American Crisis Unfolding

Port Strike Workers

Along with just about everyone else, this humble spirit fears that he’s spent too much time writing about Donald Trump.  Unfortunately, the man provides an almost bottomless pit of material, and he’s getting worse as the election approaches.  No one looks forward to the country “getting past” Trump more than I do, but until then. . .

According to Democratic Senator Chris Murphy of Connecticut, “the challenges America faces aren’t really logistical, they are metaphysical” and as a result “the economic metrics used by economists and presidents to capture the state of the nation are masking a vast ‘spiritual crises.’” His ideas were summarized in the New York times: “The Senator Warning Democrats of a Crisis Unfolding Beneath Their Noses.” The senator defines his mission as “understanding how the version of liberalism we’ve adopted—defined by its emphasis on free markets, globalization and free choice—has begun to feel to many like a dead end, and to therefore come up with a new vision for the Democratic Party.” 

The problem, as he sees it, is that America’s leaders have long been guided by what’s often called the neoliberal consensus: the notion that “barrier-free international markets, rapidly advancing communications technology and automation, decreased regulation, and empowered citizen-consumers would be the keys to prosperity, happiness and strong democracy” In other words, the assumption that what’s good for markets is good for society—and what makes us prosperous, will also make us happy.

Too Many Americans Feel the World is Just Getting Worse

Needless to say, the old adage that “what’s good for General Motors is good for America” no longer holds true.  And it’s more than just losing the industrial powerhouses that once employed huge swaths of Americans, enabling them to live middleclass lives.  Does anyone seriously believe that what’s good for companies like Mehta (Facebook), Alphabet (Google), Nvidia (chips for AI), Tesla (Elon Musk), Apple (exploited Chinese labor), and Amazon (having to return what the Chinese make) are good for American society as a whole?  Their profits keep going up, as do their market valuations, but their stock is owned by a relatively small portion of Americans.  And even if their success could be shared equitably throughout society, there’s reason to think Americans are looking for something better, something more than simply material gain.
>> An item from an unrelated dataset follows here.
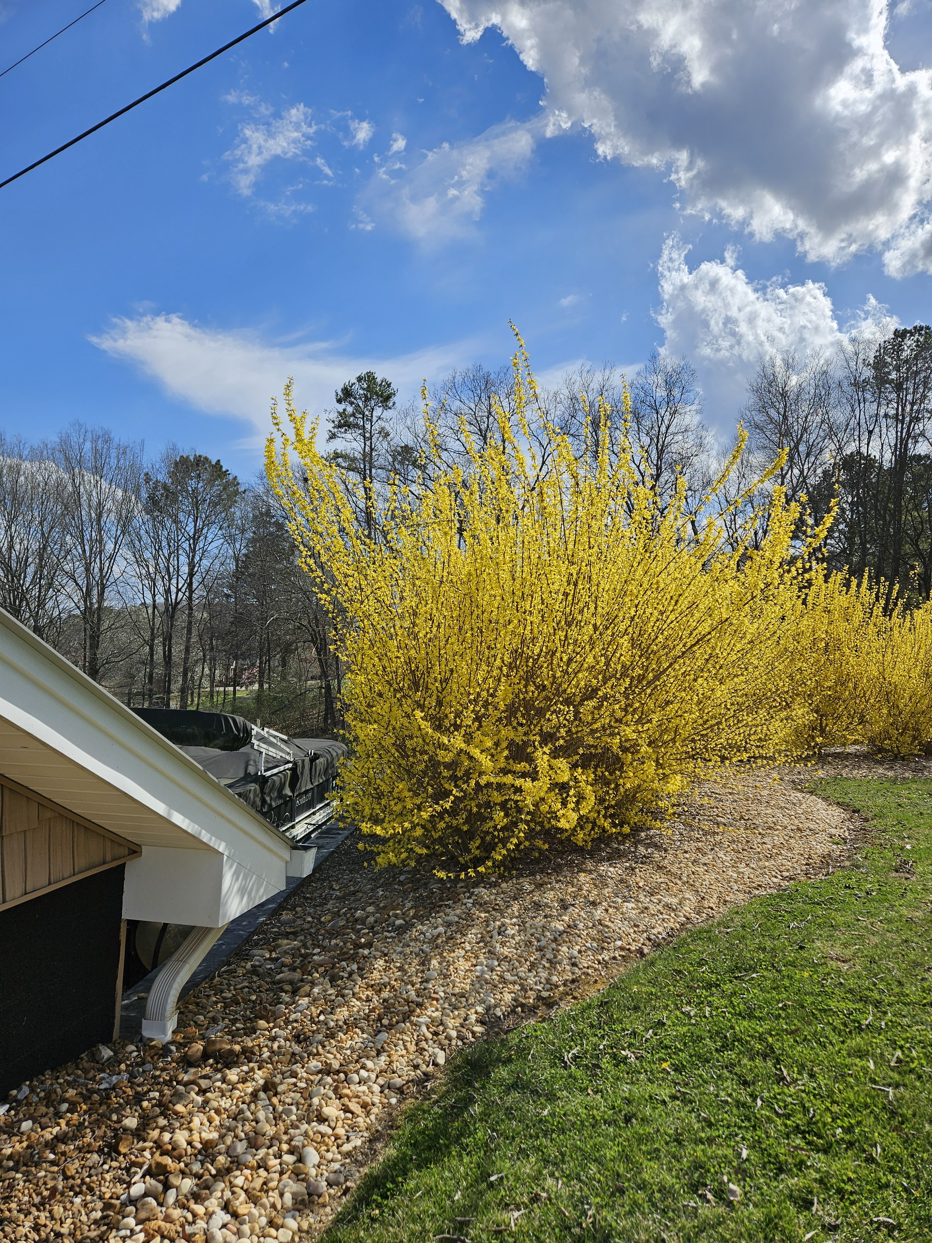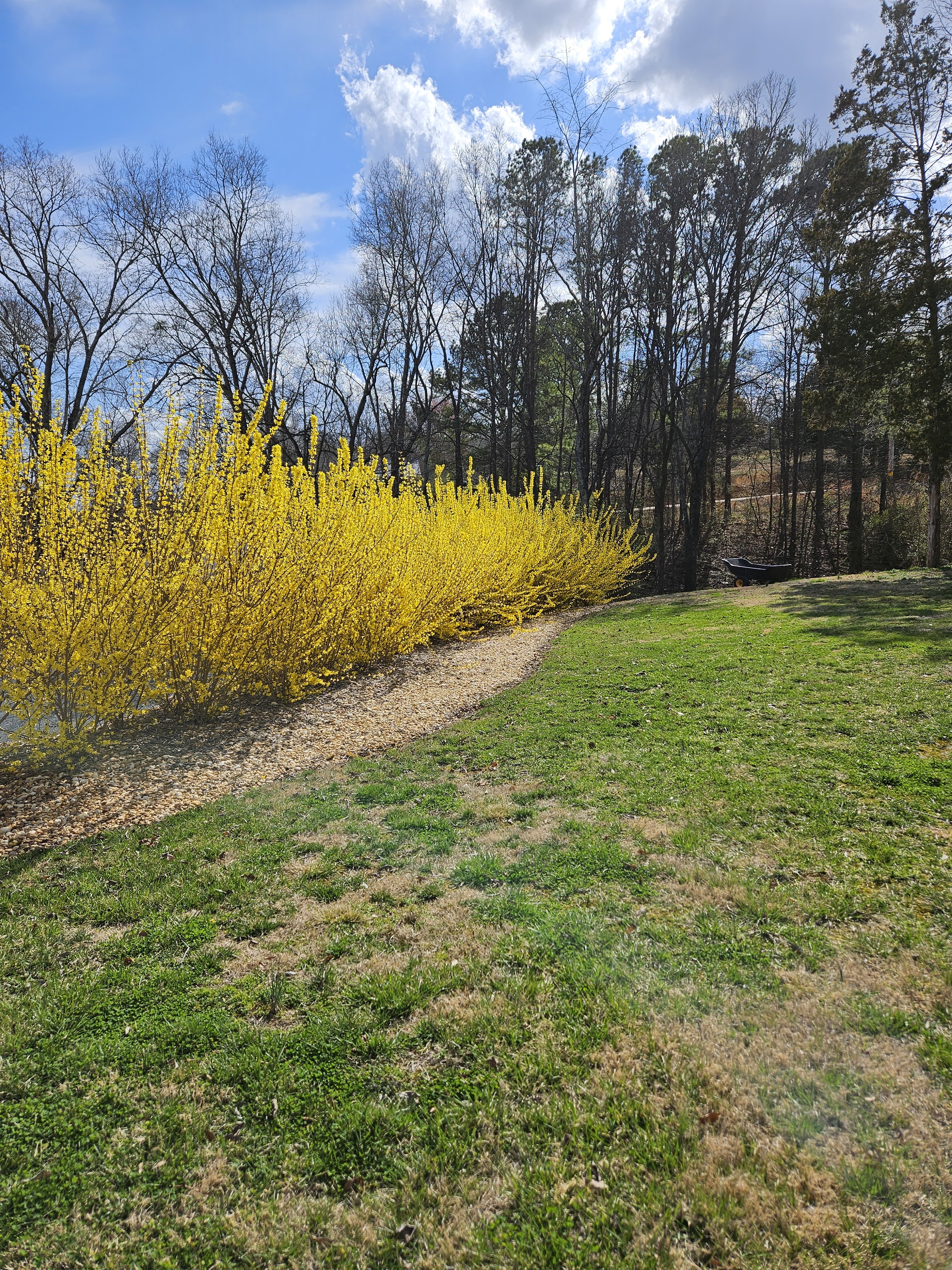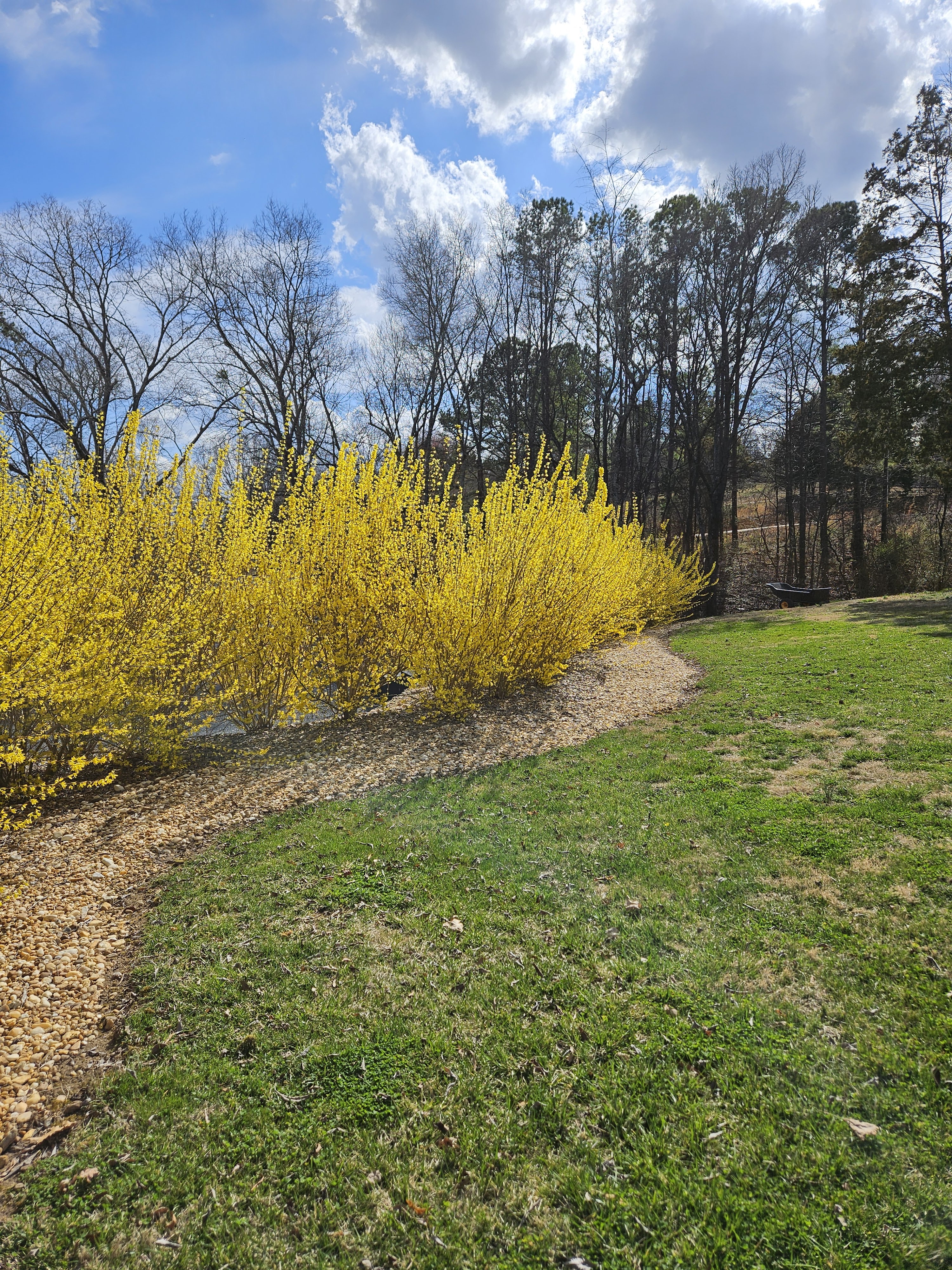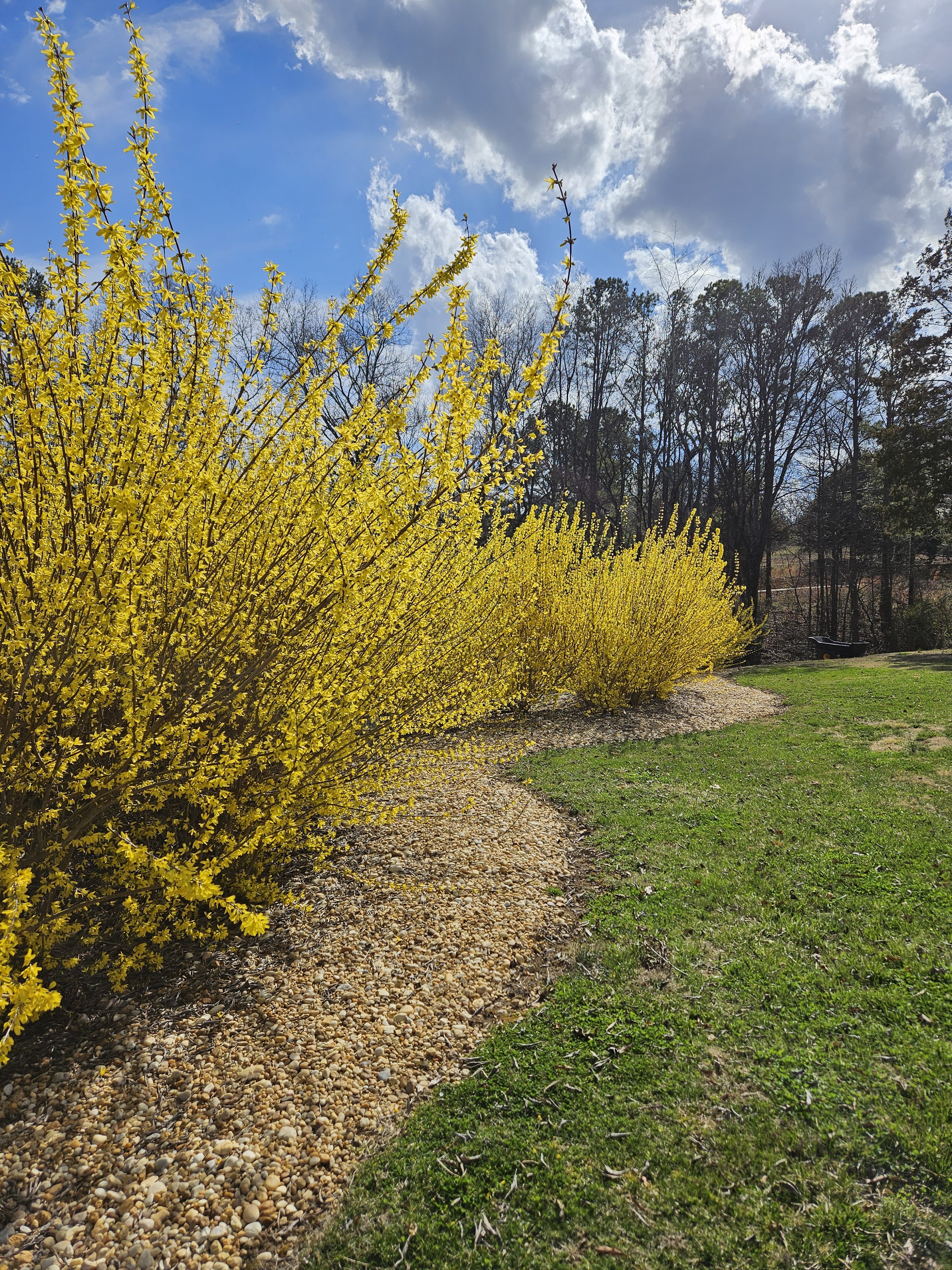 The forsythia that we planted back in 2021–some in the spring and some in the fall–have really come into their own. They are HUGE, which is a little hard to tell from these photos.

“The idea that modern life is a story of constant economic and technological progress steadily making the world a better place has stopped lining up with how Americans feel. You can look at statistics about suicide, depression, overdoses and declining life expectancy. . . and the astonishingly pervasive sense of loneliness that now seems to color so many American lives. But no statistics really capture the feeling, shared by growing numbers of Americans, that the world is just getting worse.”

It’s not just the cost of living and the lack of opportunity to improve their lives (a house would be nice) that’s angered people and prevented the Democrats’ message from getting through.  The truth is, it’s hard for most people to assess the state of the economy.  Unless there are circumstances such as occurred during the Great Recession or the Covid pandemic, asking people about the “economy” usually garners nothing more than how they feel about their own circumstances and prospects at the moment—which have lately been tainted by the grim notion that the world is getting worse.
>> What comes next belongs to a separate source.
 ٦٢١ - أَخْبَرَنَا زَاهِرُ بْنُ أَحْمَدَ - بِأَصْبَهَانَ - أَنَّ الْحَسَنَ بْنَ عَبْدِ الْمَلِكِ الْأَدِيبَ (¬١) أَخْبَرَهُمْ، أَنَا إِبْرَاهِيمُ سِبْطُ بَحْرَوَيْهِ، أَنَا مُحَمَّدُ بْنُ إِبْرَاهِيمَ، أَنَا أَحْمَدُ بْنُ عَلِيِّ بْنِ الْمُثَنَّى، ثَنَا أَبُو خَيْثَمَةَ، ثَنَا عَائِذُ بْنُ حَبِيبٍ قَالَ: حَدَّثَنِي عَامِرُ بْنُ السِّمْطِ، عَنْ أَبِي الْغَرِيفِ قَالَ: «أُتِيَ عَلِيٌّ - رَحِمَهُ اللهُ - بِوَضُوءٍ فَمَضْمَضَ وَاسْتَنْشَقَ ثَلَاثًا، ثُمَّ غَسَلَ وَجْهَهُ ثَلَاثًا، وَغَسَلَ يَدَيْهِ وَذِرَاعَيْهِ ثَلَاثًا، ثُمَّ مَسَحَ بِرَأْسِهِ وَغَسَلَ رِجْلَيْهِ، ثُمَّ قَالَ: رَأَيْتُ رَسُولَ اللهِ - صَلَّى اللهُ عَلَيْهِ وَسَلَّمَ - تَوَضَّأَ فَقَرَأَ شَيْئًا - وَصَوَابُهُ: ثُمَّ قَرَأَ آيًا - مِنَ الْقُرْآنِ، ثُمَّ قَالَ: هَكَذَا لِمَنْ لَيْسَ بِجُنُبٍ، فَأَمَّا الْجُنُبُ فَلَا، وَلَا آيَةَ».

“For over a year, the Biden administration and its allies had been promoting data showing an economic miracle, as friendly pundits described it — a record-setting stock market, low unemployment, and G.D.P. growth outpacing that of almost every other Western nation. But very few voters believed the story those metrics were telling. In poll after poll, they expressed a bleak view of the economy — to the frustration of both Democrats and many economists.”

We may not yet have discovered how to counteract it, but the fact is, “Donald Trump and the MAGA movement have tapped into a sense of deep alienation and national malaise, feelings that Democrats often have trouble even acknowledging are real.”